» DATA BELOW:
Content starts

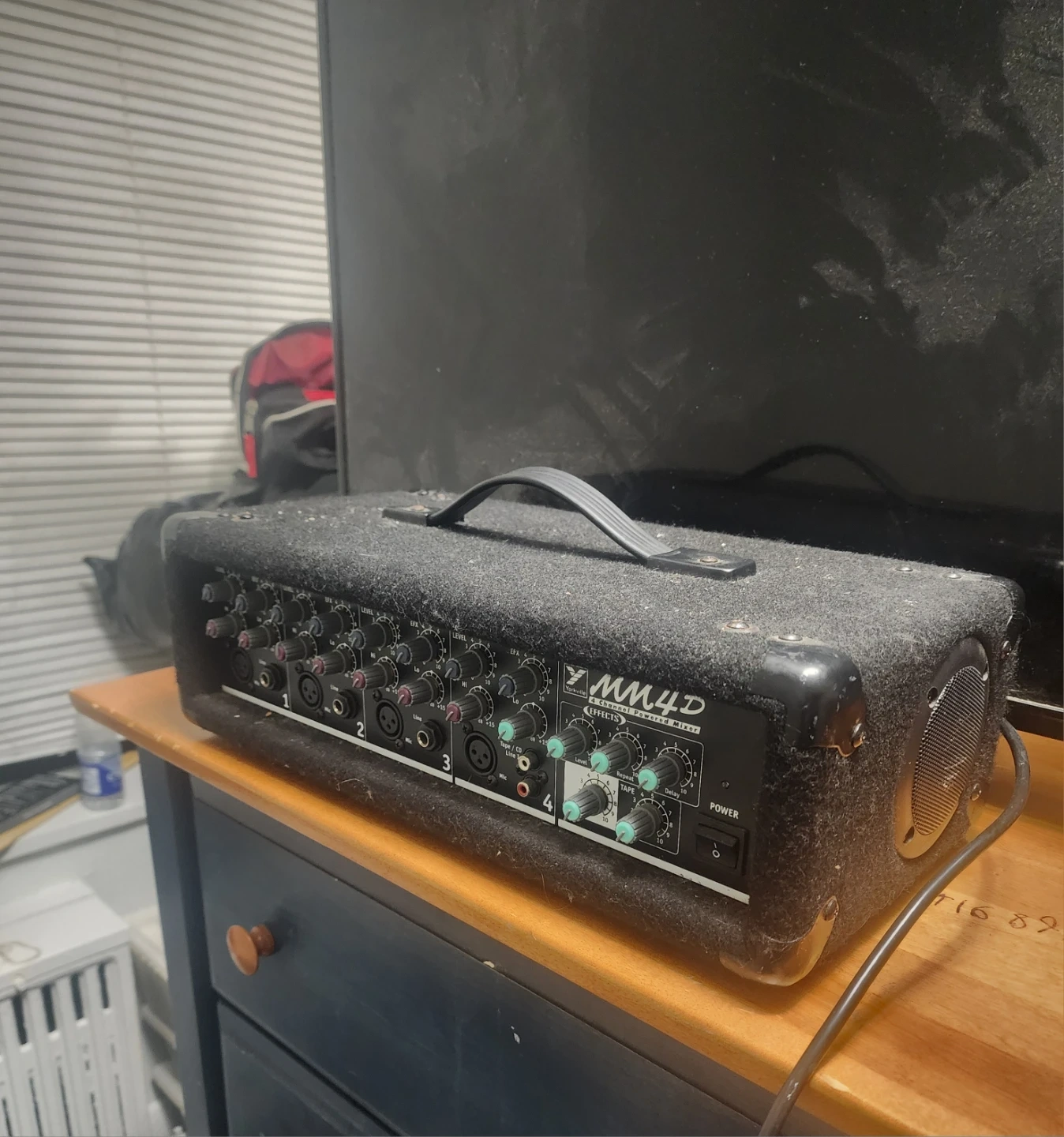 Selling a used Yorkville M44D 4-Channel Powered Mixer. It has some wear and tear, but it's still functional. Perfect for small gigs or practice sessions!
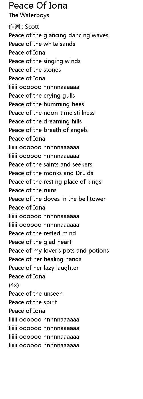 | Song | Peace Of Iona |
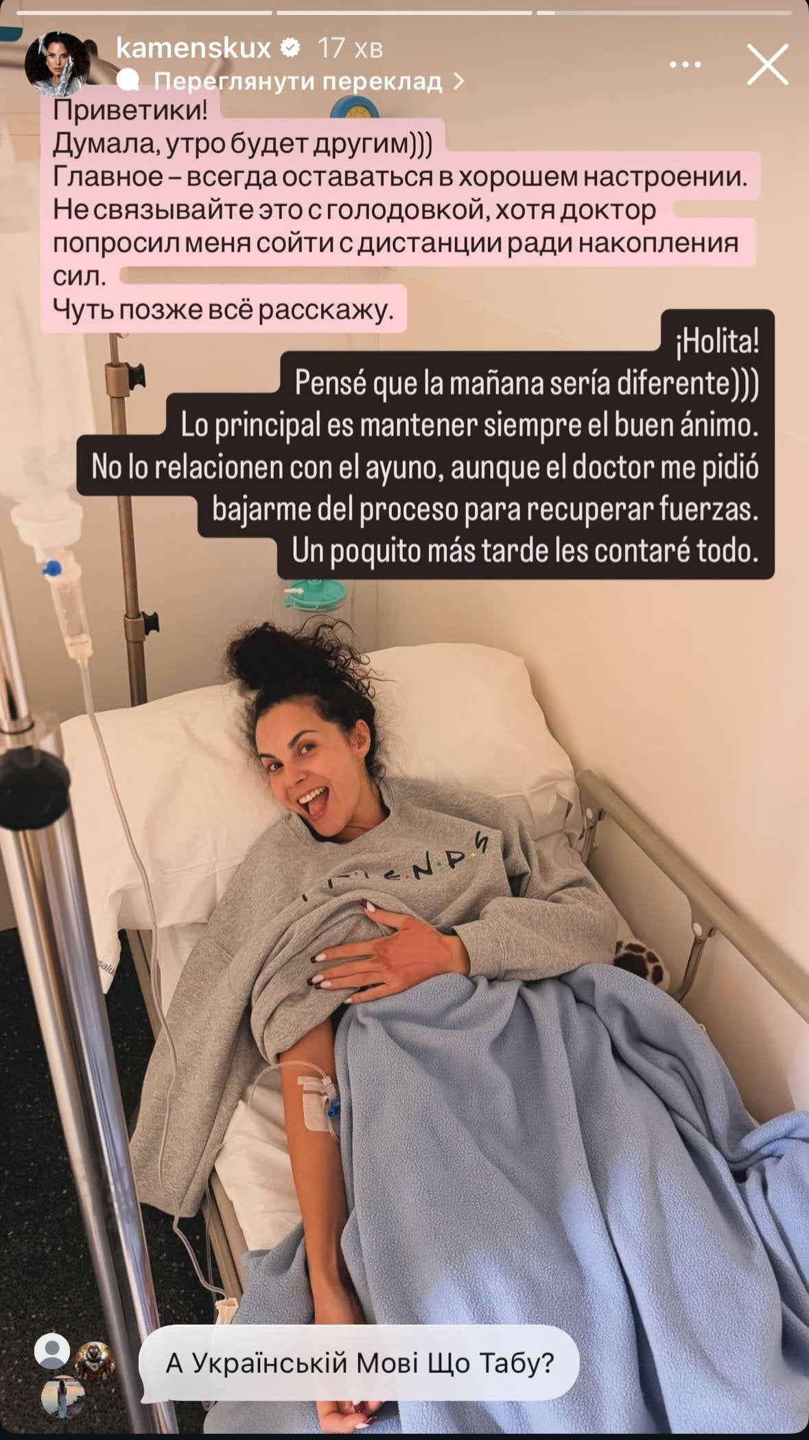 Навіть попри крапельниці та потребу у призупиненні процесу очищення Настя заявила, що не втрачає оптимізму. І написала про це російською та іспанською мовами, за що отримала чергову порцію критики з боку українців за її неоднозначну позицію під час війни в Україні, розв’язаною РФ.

Content ends

» THE PROBLEM: Wherever a picture appears in the material above, skip it and copy the rest without change.

» TASK OUTPUT:
 Selling a used Yorkville M44D 4-Channel Powered Mixer. It has some wear and tear, but it's still functional. Perfect for small gigs or practice sessions!
 | Song | Peace Of Iona |
 Навіть попри крапельниці та потребу у призупиненні процесу очищення Настя заявила, що не втрачає оптимізму. І написала про це російською та іспанською мовами, за що отримала чергову порцію критики з боку українців за її неоднозначну позицію під час війни в Україні, розв’язаною РФ.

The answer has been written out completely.